● **Activity**: Copy all lines below exactly as written. Leave pictures out.

● **Collected data**:
━━━━━━━━

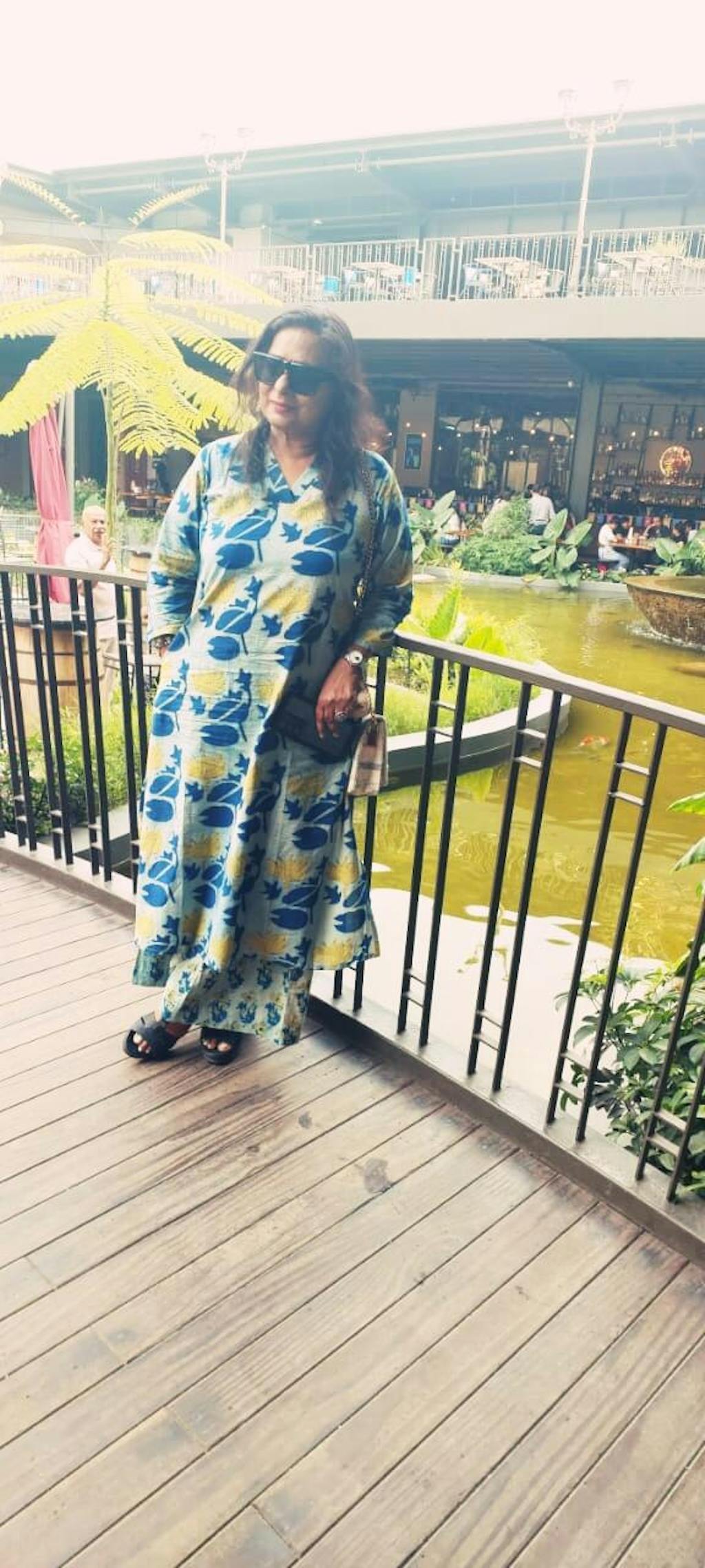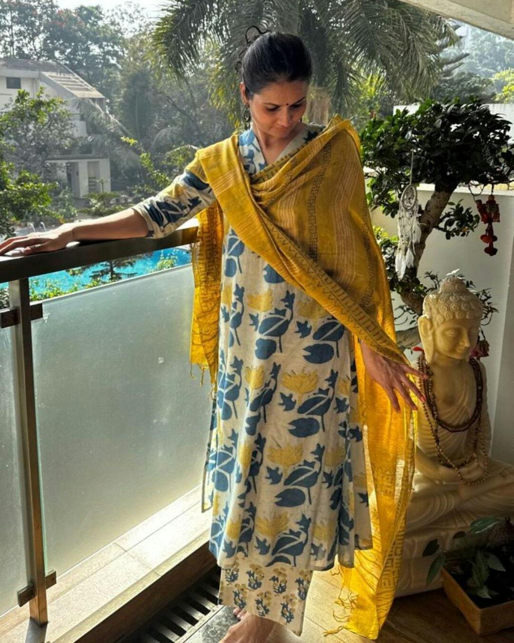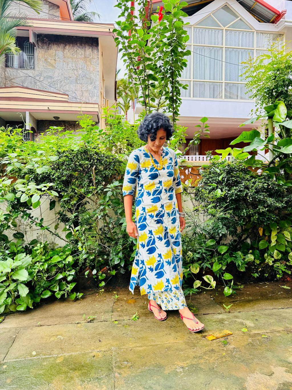 Pure cotton kurta with palazzo is crafted in Jahota print which has both syahi begar and dabu printing technique. The kurta and palazzo set comes with side pockets. This kurta has an A- line silhouette for comfort fit.
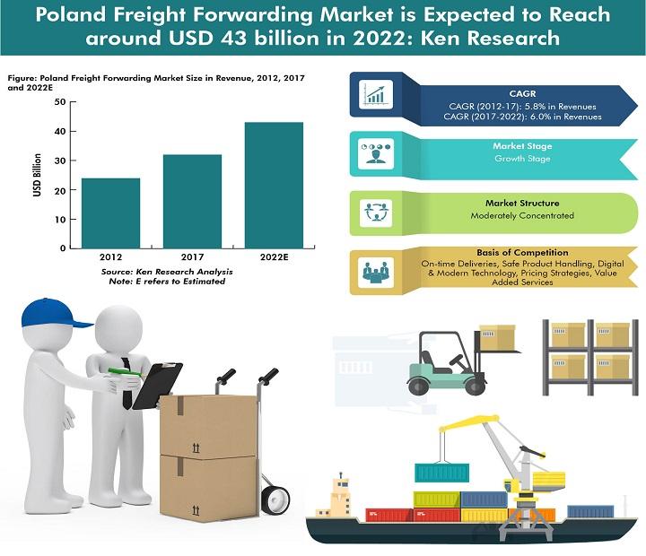 Ken Research in its latest study, Poland Freight Forwarding Market Outlook to 2022 – By Freight Mode (Land & Pipeline Freight, Sea Freight & Air Freight), By International & Domestic Freight Forwarding, By Major Flow Corridors (European Countries, Asian Countries, North American Countries & Rest of the World) and By Normal & Express Delivery, suggests that the freight forwarding market in Poland will grow at a gradual rate owing to the rise in trade, growth of the manufacturing sector and increasing consumption in the country
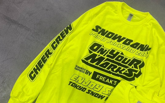 SNOW BANK創設当初から掲げるスローガン「PAY IT FOWERD」=「自分が受けた善意を他の誰かに渡すことで、善意をその先につないでいくこと。」と、自分たちがスタートラインに立ち活動を広めていこう、という意味を込めた「ON YOUR MARKS」 =「位置について」というスローガンに加え、

━━━━━━━━

● **Problem solution**:
 Pure cotton kurta with palazzo is crafted in Jahota print which has both syahi begar and dabu printing technique. The kurta and palazzo set comes with side pockets. This kurta has an A- line silhouette for comfort fit.
 Ken Research in its latest study, Poland Freight Forwarding Market Outlook to 2022 – By Freight Mode (Land & Pipeline Freight, Sea Freight & Air Freight), By International & Domestic Freight Forwarding, By Major Flow Corridors (European Countries, Asian Countries, North American Countries & Rest of the World) and By Normal & Express Delivery, suggests that the freight forwarding market in Poland will grow at a gradual rate owing to the rise in trade, growth of the manufacturing sector and increasing consumption in the country
 SNOW BANK創設当初から掲げるスローガン「PAY IT FOWERD」=「自分が受けた善意を他の誰かに渡すことで、善意をその先につないでいくこと。」と、自分たちがスタートラインに立ち活動を広めていこう、という意味を込めた「ON YOUR MARKS」 =「位置について」というスローガンに加え、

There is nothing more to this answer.